Department of Radiation Oncology, Princess Margaret Cancer Centre, Toronto, ON, Canada
Jelena Lukovic , Fatima Alfaraj , Michelle Lynn Mierzwa , Gustavo Nader Marta , Wei Xu , Jie Su , Fabio Ynoe de Moraes , Shao Hui Huang , Scott Victor Bratman , Brian O'Sullivan , John Kim , Jolie Ringash , John Waldron , John R. de Almeida , David Paul Goldstein , Andrew Rosko , Mathew E Spector , Luiz Paulo Kowalski , Andrew Hope , Ali Hosni
Background: We developed and validated a prediction-score for distant metastases (DM) in major salivary gland carcinoma (SGC). Methods: Patients with SGC treated with curative-intent surgery +/- postoperative radiation therapy (PORT) at 4 tertiary cancer centers were divided into discovery (institution A&B) and validation (institution C&D) cohorts. Multivariable analysis using competing risk regression was used to identify predictors of DM in the discovery cohort and create a prediction score. The optimal score cut-off for high vs low-DM risk was determined using a minimal p-value approach. The results were subsequently evaluated in the validation cohort. The cumulative incidence and Kaplan-Meier methods were used to analyze DM and overall survival (OS), respectively. Results: Overall, 1035 patients were included (Table). In the discovery cohort, DM predictors (risk score coefficient) were: positive margin (0.6), pT3-4 (0.7), pN+ (0.7), lymphovascular invasion (LVI; 0.8), and high risk histology* (1.2). High DM-risk SGC was defined by sum of coefficients greater than 2. In the discovery cohort, the 5-year cumulative incidence of DM for high vs low risk SGC was 50% vs 8%; p < 0.01; these results were similar in the validation cohort (44% vs 4% at 5 years; p < 0.01). In the combined cohorts, this model predicted distant-only failure (40% vs 6%, p < 0.01) and late ( > 2yr post surgery) DM (22% vs 4%; p < 0.01). Patients with high DM-risk SGC had an increased incidence of DM in the subgroup receiving PORT (46% vs 8%; p < 0.01) or concurrent chemotherapy (71% vs 34%; p < 0.01). The 5-yr OS for high vs low risk SGC was 48% vs 92% (p < 0.01). Conclusions: This validated prediction score model may be used to identify SGC patients at increased risk for DM and select those who may benefit from prospective evaluation of treatment intensification and/or surveillance strategies. Baseline characteristics.

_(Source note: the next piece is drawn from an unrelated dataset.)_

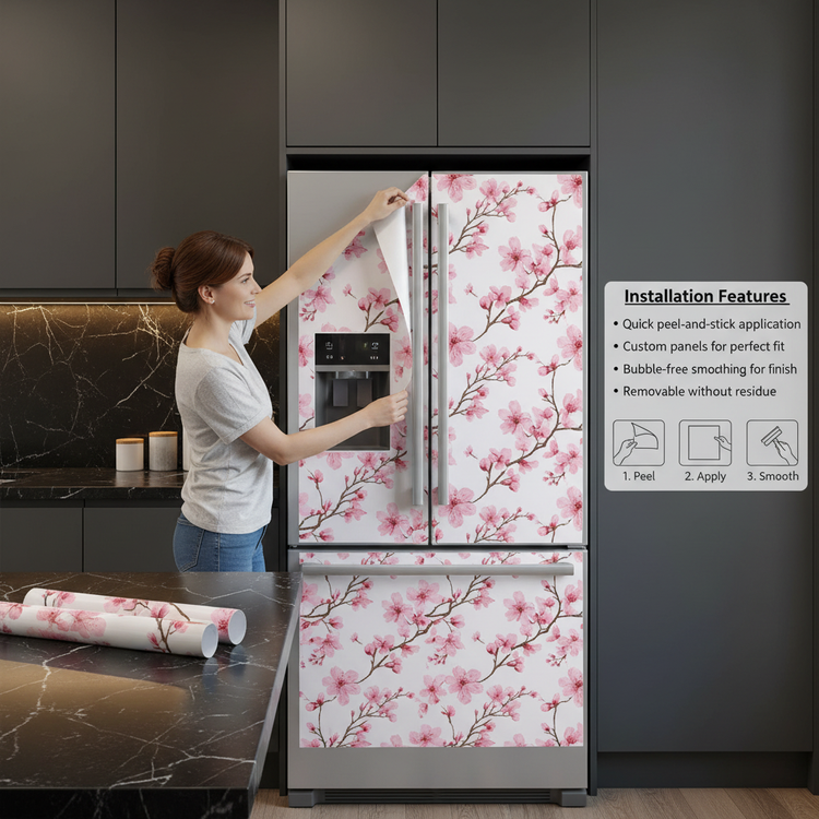 Our Fridge Wrap Floral Cherry Blossoms features tool-free peel-and-stick vinyl for an instant makeover, custom-sized panels to fit most standard fridges, and a protective layer that guards against scratches and smudges. The removable adhesive leaves zero residue upon removal, while air-bubble-free smoothing ensures a flawless finish. Delicate pink blossoms brighten your kitchen aesthetic, and the interchangeable design lets you update your décor anytime.

Discovery (n=619) N (%) | Validation (n=416) N (%) | p | |
---|---|---|---|
Median follow up, yrs | 5.3 | 5 | |
Median age, yrs | 56 | 57 | 0.19 |
Parotid subsite | 518(84) | 329(79) | 0.07 |
LVI | 92(15) | 47(11) | 0.11 |
Positive margin | 215(35) | 158(38) | 0.6 |
High risk histology* | 372(60) | 224(54) | 0.04 |
pT3-4 | 224(36) | 129(31) | 0.09 |
pN+ | 145(23) | 89(21) | 0.45 |
PORT | 472(76) | 285(69) | <0.01 |
5-yr DM (95% CI) | 20% (17-24%) | 14% (11-18%) | 0.03 |
*High risk histology: adenoid cystic carcinoma, salivary duct carcinoma, carcinosarcoma, undifferentiated carcinoma, grade (G) 2-3 adenocarcinoma, G2-3 mucoepidermoid carcinoma, G2-3 carcinoma ex-pleomorphic adenoma, other G3 histology.